Re: Making sense of the various web performance specifications

On 06/16/2015 12:34 PM, Boris Zbarsky wrote:
> On 6/16/15 11:48 AM, Ilya Grigorik wrote:
>> They're tangled together. Practically speaking, you can't implement one
>> without the other:
>> - HR-time defines time origin and performance.now().. but that presumes
>> Performance interface exists.
>> - Perf Timeline, in turn, needs time origins and performance.now()
>
> There's no particular reason things couldn't be set up like so:
>
> HR-time: defines time origin, DOMHighResTimestamp, and a Performance
> interface with a single now() method.
>
> Perf Timeline: depends on HR-time, defines a "partial interface
> Performance" with the bits it wants to add.

Unless I'm mistaken, this is what we have in the editor's drafts today.

If we come through with cleaning up /TR and getting a primer (I asked 
for help on that front), this would help significantly.

Re /TR clean up, I believe adopting something similar to CSS would be 
helpful.

ie
- /TR/performance-timeline would be in sync with the github draft.
- /TR/performance-timeline-1 would link to the first REC.
- /TR/performance-timeline-2 would link to our expected new version 
(which is identical to the github draft for the moment anyway)
- once or if p-t-2 diverges from the github draft (because we don't 
expect some features to be implemented in a release cycle), we should 
rev to p-t-3.

All github drafts shouldn't use version links.

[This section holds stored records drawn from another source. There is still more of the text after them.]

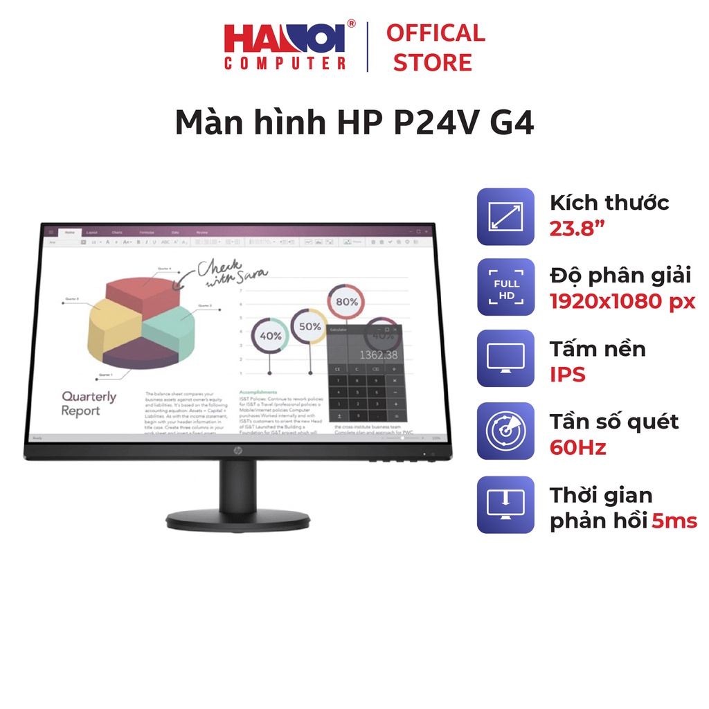 Máy tính & Laptop > Màn Hình || Màn hình HP P24V G4 (23.8inch/FHD/IPS/60Hz/5ms/250nits/HDMI+VGA)Còn hàng
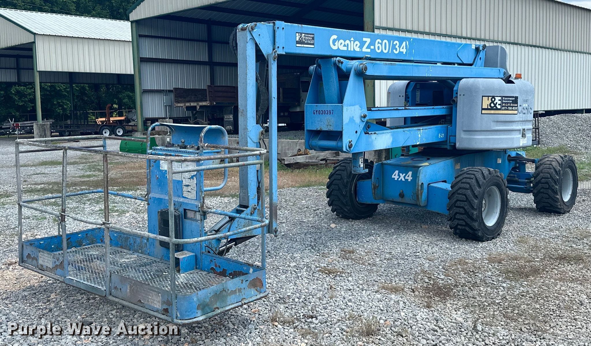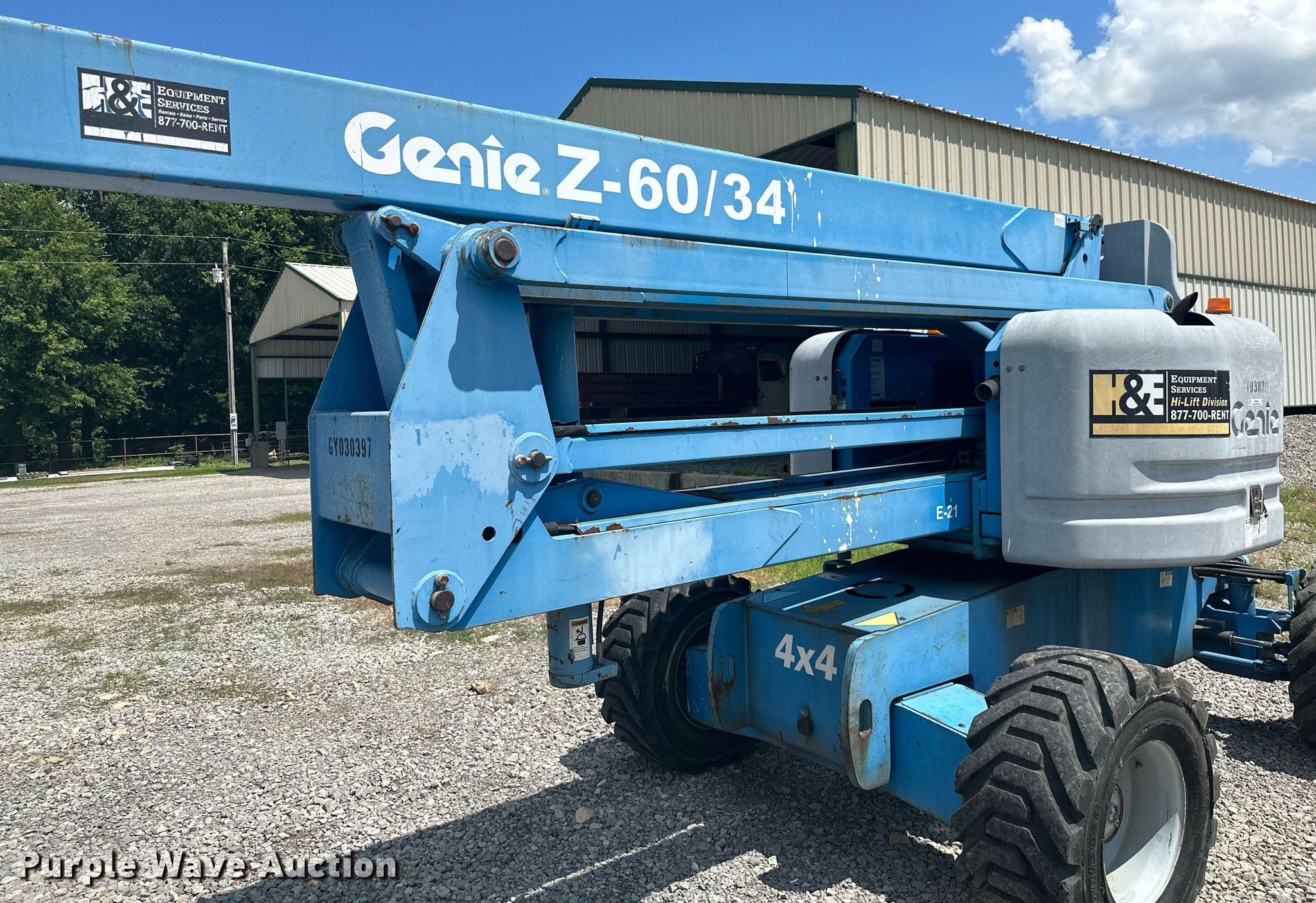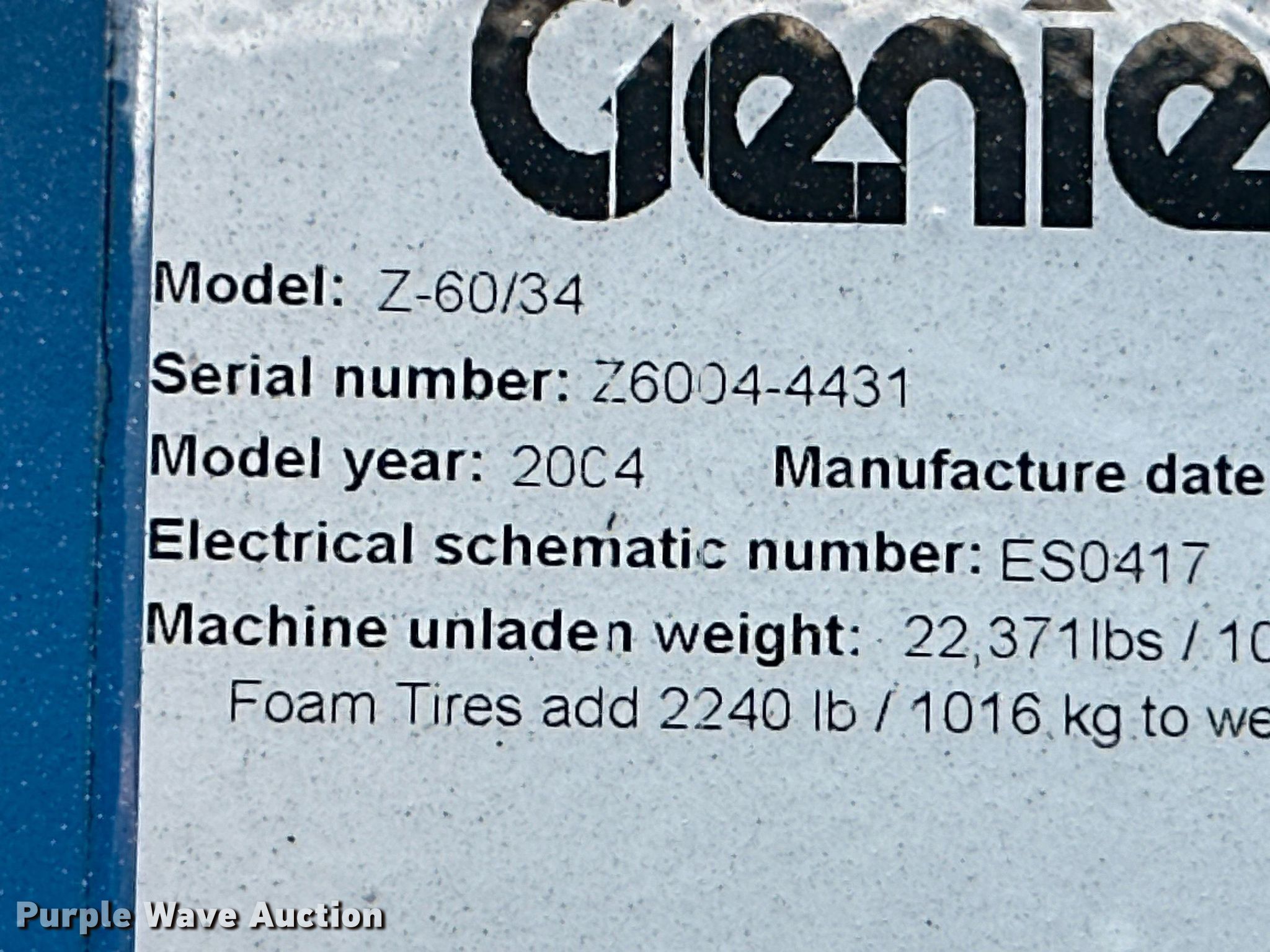 Purple Wave is selling a used Boom Lift in Oklahoma. This item is a 2004 Genie Z-60/34 boom lift with the following: Hours: 545 on meter, Actual hours unknown, Serial: Z6004-4431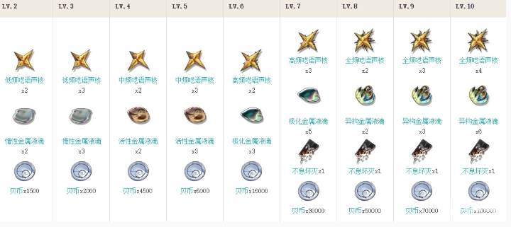 2、LV3:低频呓语声核x3、惰性金属液滴x3、贝币x2000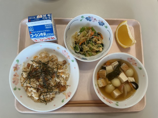 今日の献立は、焼き鳥ご飯、じゃがもち汁、大豆と野菜のアーモンドあえ、みしょうかん...
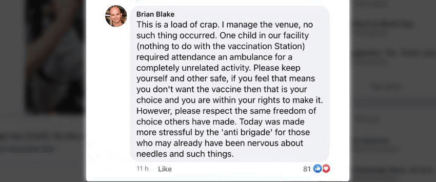The parent described to me, in a direct message conversation, the immediate support from on-site vaccination staff and said that their child recovered quickly with no other effects. They were not directed to hospital and no further care was required. It is possible that protesters outside the centre witnessed this from afar and amplified the story without context, including speculation about the seriousness and the number of children involved.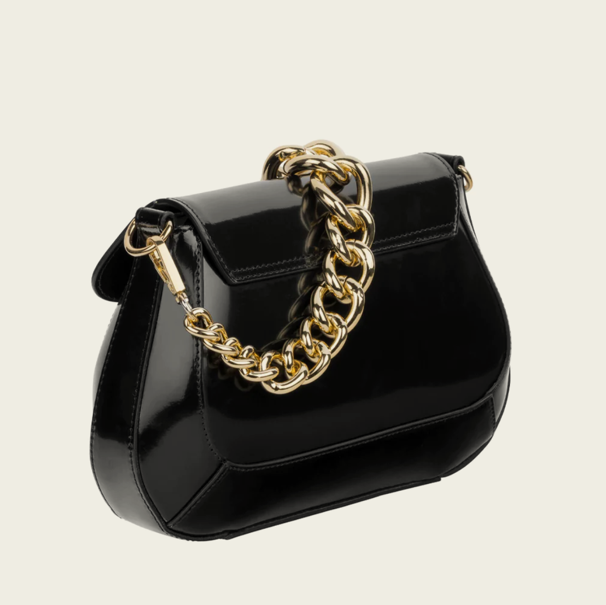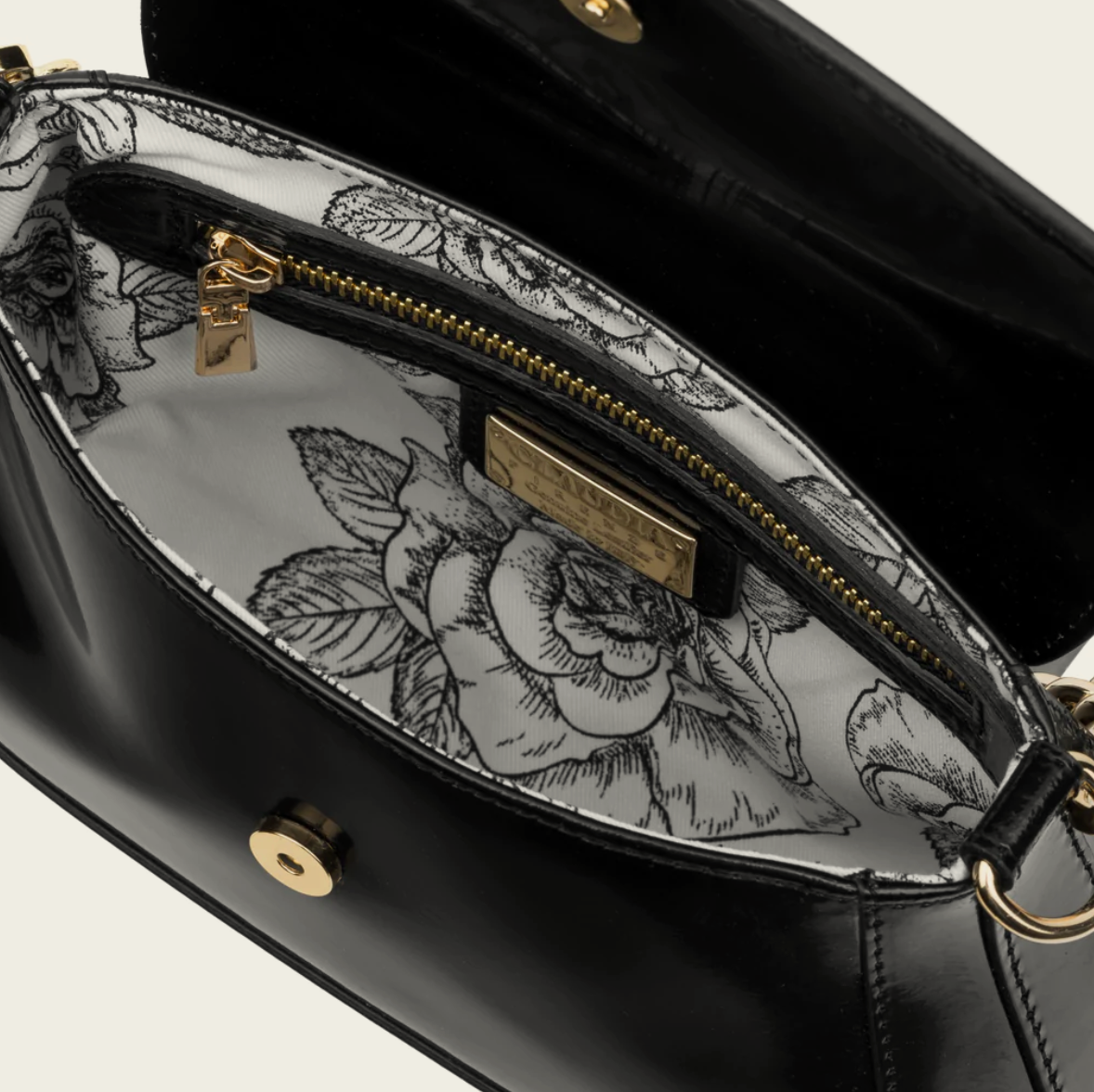 Camilla is a bag in high polished calf with black and white roses patterned lining. It is an ergonomic bag with a chunky rich chain and a comfortable detachable and adjustable strap. The bag is available in an elegant black and warm cognac.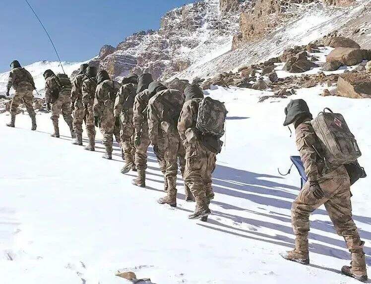 西藏军区岗巴“高原戍边模范营”巡逻分队官兵向目的地挺进。图片来源:解放军报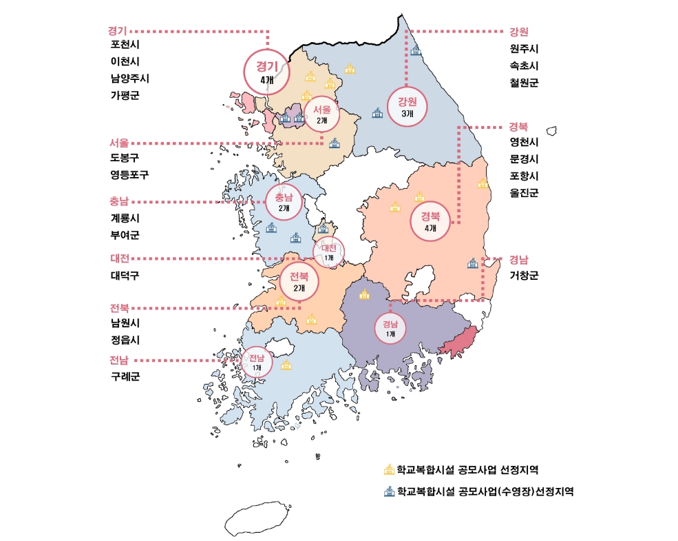 공모심사위원회가 공모에 신청 접수된 28개 사업 가운데 지역 여건과 수요, 사업계획의 타당성을 종합적으로 고려해 최종 20개 사업을 선정했다. 수영장 11개, 다목적체육관 11개, 도서관 4개, 늘봄시설 11개 등이 뽑혔다.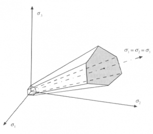 Se si rappresentano nello spazio tridimensionale le tensioni principali, la superficie di snervamento è rappresentata da un cilindro parallelo all’asse idrostatico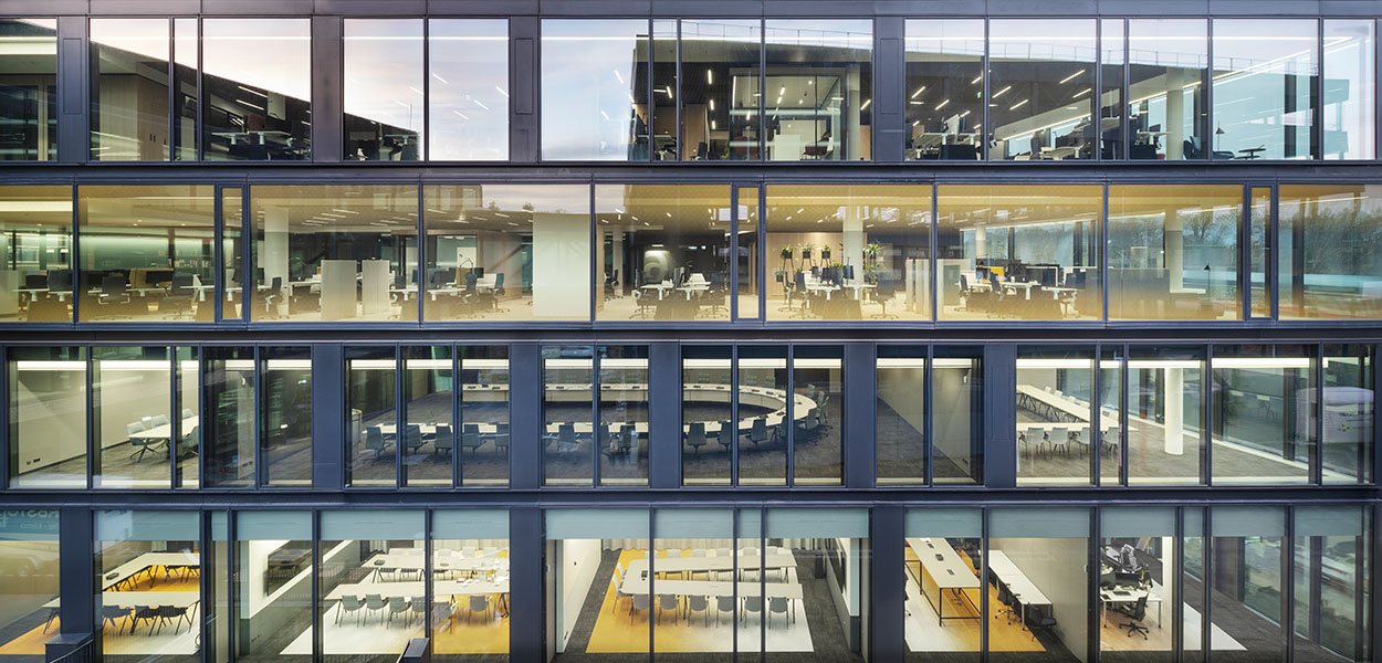 Zahlen und Fakten: Office area open spaces: 10.200 qm, 1.200 desks, Meeting rooms: 3.155 qm, 60 units, 612 seats, Restaurant: 920 qm, 300 seats, Cafeteria Nord: 450 qm, 72 seats inside, 49 seats outside, Cafeteria Süd: 280 qm, 93 seats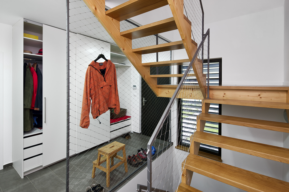 Architekt šikovne zahrnul nielen požiadavky a nároky majiteľov a špecifiká vyplývajúce z faktu, že pozemok je tesne nad hranicou pamiatkovo chráneného územia. Vznikol projekt domu, ktorý má doslova dve tváre – z ulice pôsobí ako nízka jednopodlažná nenápadná chalupa so sedlovou strechou, bridlicovým obložením a malými oknami, avšak do súkromia záhrady sa otvára veľkoryso zasklená trojpodlažná vzdušná stavba.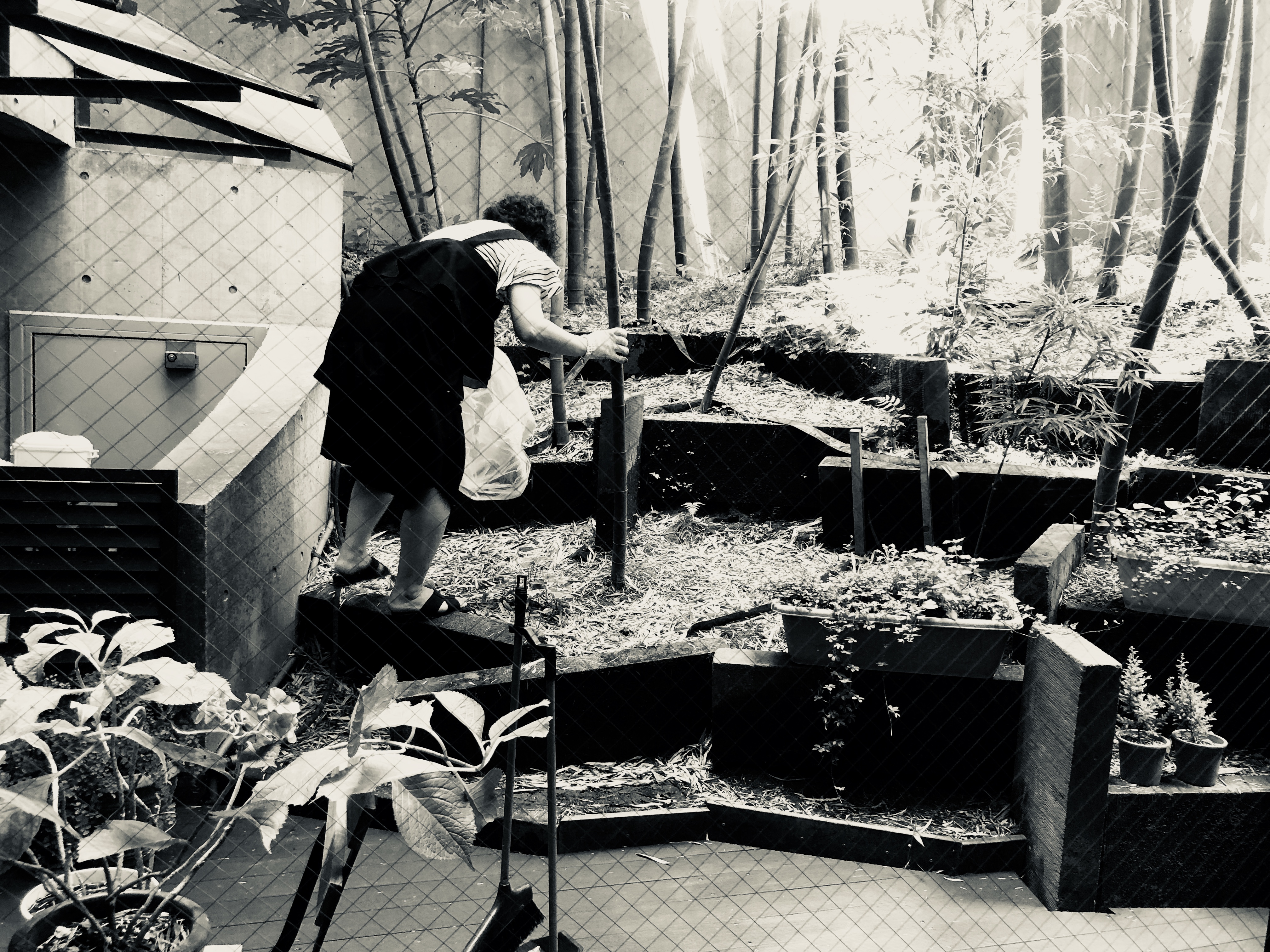 最後はもうすぐ七夕だから、庭に折れてた竹を飾りました。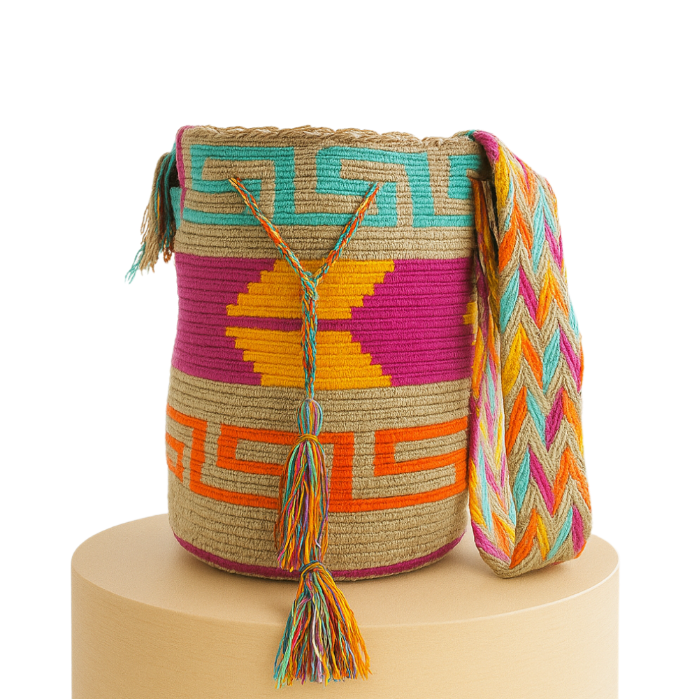 Mochila Wayuu -- Café/rosa/naranja quantity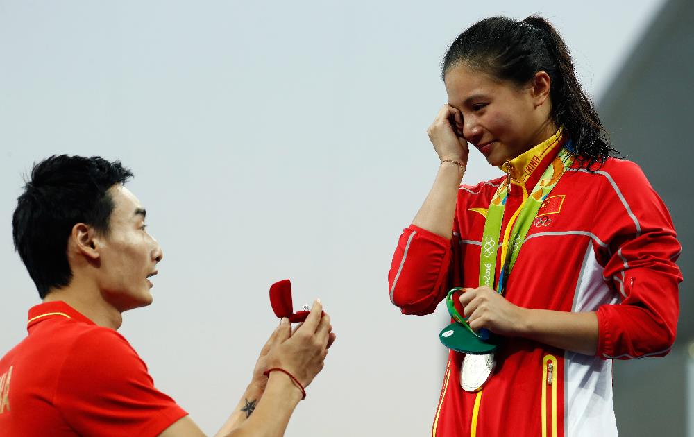 A tarde de domingo foi duplamente especial para a. Minutos após conquistar a medalha de prata na prova do trampolim 3m dos saltos ornamentais, a chinesa Zi He, de 25 anos, foi pedida em casamento pelo namorado, o também saltador Kai Qin. A cena ganhou aplausos do público que acompanhava as disputas do esporte no Centro Aquático Maria Lenk. ZI ficou atrás da compatriota Tingmao Shi. O bronze foi para a italiana Tania Cagnotto.

Either link to github 
drafts or non-version TR shortnames (shouldn't make a difference if we 
keep things in sync).

I'd like to minimize the work for release cycles as much as possible, ie 
delay a move to CR until we're sure we can ship it within 6 months at 
most, so that editors don't have to edit two documents as much as 
possible. This may be contrary to vendor release cycles however since 
some may wait until CR before looking at implementing.